Metawork, nobody is capable but all participate grudgingly


This article is a translation/paraphrase of Professor Gunter Dueck's original post titled DD265: Metawork – keiner kann’s, aber alle machen ärgerlich mit (Mai 2016). Professor Dueck's philosophy resonates with me, so I'd like to make his thoughts available to a wider audience. Bear with my Gerlish. Remarks in brackets aren't part of the original text and are either my comment, extension or explanation. Here we go:

Metawork is your own effort to organize work (your's and other's), not performing the actual effort. It is about coordinating your contributions, more often than not, across multiple projects. This includes managing decisions (through eMail) and the communicate with all stakeholders. E.g. you can use efficient (Dueck used the word "fertile", but I'm not sure if that has the same resonance in English) meetings to establish the approach how to structure and execute working together. Over time a corporate culture emerges where a common good metawork forms the enabler for efficient execution of the core work (we'll learn another term for this just below).

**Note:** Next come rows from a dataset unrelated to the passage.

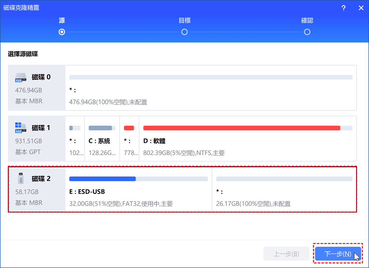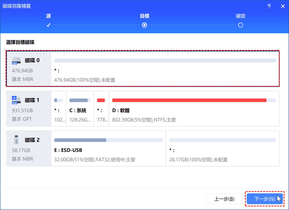 步驟3. 選擇目標磁碟,再點選下一步。
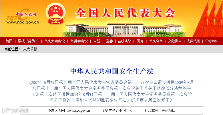 2021年6月10日,中华人民共和国第十三届全国人民代表大会常务委员会第二十九次会议于通过《全国人民代表大会常务委员会关于修改〈中华人民共和国安全生产法〉的决定》,现予公布,自2021年9月1日起施行。
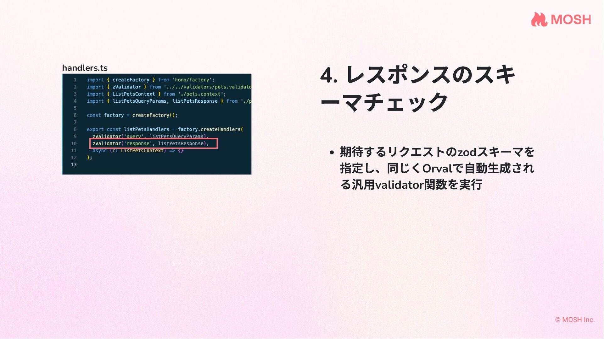 4. レスポンスのスキ ーマチェック 期待するリクエストのzod スキーマを 指定し、同じくOrval で自動生成され る汎用validator 関数を実行 handlers.ts
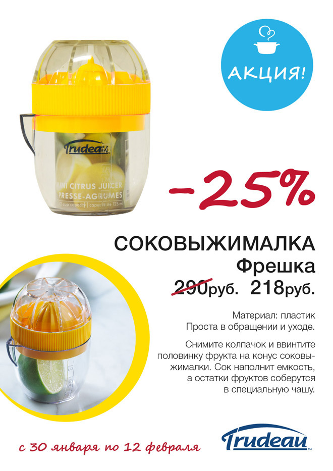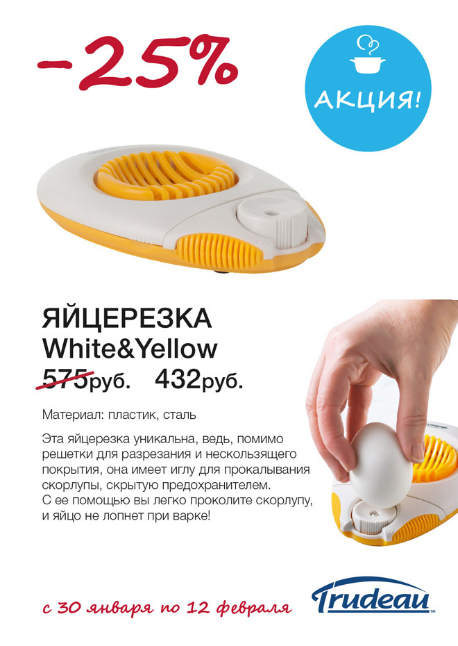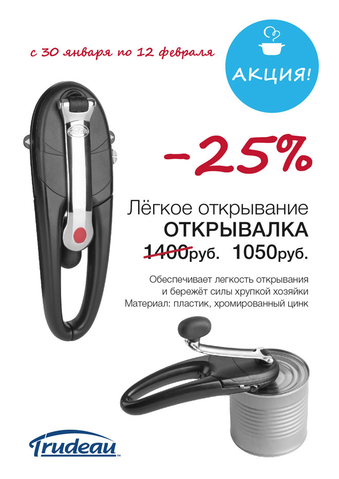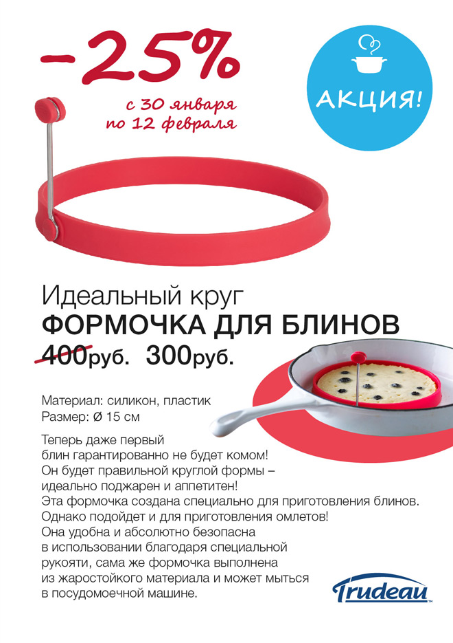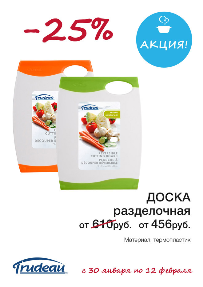 В магазинах CookHouse до 12 февраля 2014 года действует скидка 25% на некоторые кухонные аксессуары: формочку для блинов, яйцерезку, соковыжималку для цитрусовых, открывалку для консервов, разделочные доски.
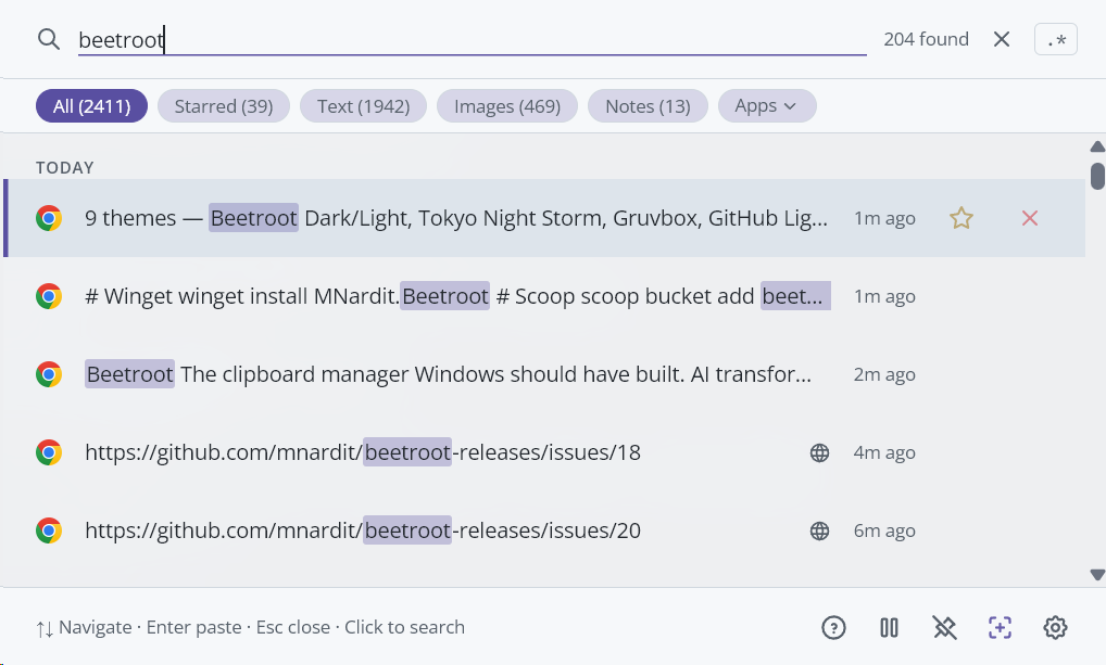 Search your history. Just start typing. Beetroot searches instantly across all your clips. Press Enter to paste the selected result.

In reality, however, there are quarrels in meetings, about who does what. Conflicts surface, everyone speaks their minds unfiltered, meetings drag on and on. People get a grudge and are annoyed and are left with the feeling to have wasted valuable time, they won't get back. Dueck checked the web, what it has to say about metawork. His favorite place is the the Urban Dictionary  where ordinary people contribute to difficult definitions and provide lots of suggestions. The best of them are the odd ones.

You rant online to be overburdened with unproductive responsibilities, unable to get anything done. People share that in a development project staffed with eight people only two of them code. The rest warms seats in the meeting room and is first in line for promotion if the project is successful. What a mess!

Hmmm. So your own work is productive, anything else a distraction. Not thinking about what your project members see as their "productive work". An example: If the developers miss a deadline, it generates a lot of distraction for the rest of the team. "Everything would be perfect if the coders would work properly! We have to integrate into SAP, everybody is waiting. What a cluster f**k (that's the closest cultural equivalent to "Supergau" I could think of)" - The two developers retort: "You could have contributed code, instead of babbling in all that meeting, we would be done by now"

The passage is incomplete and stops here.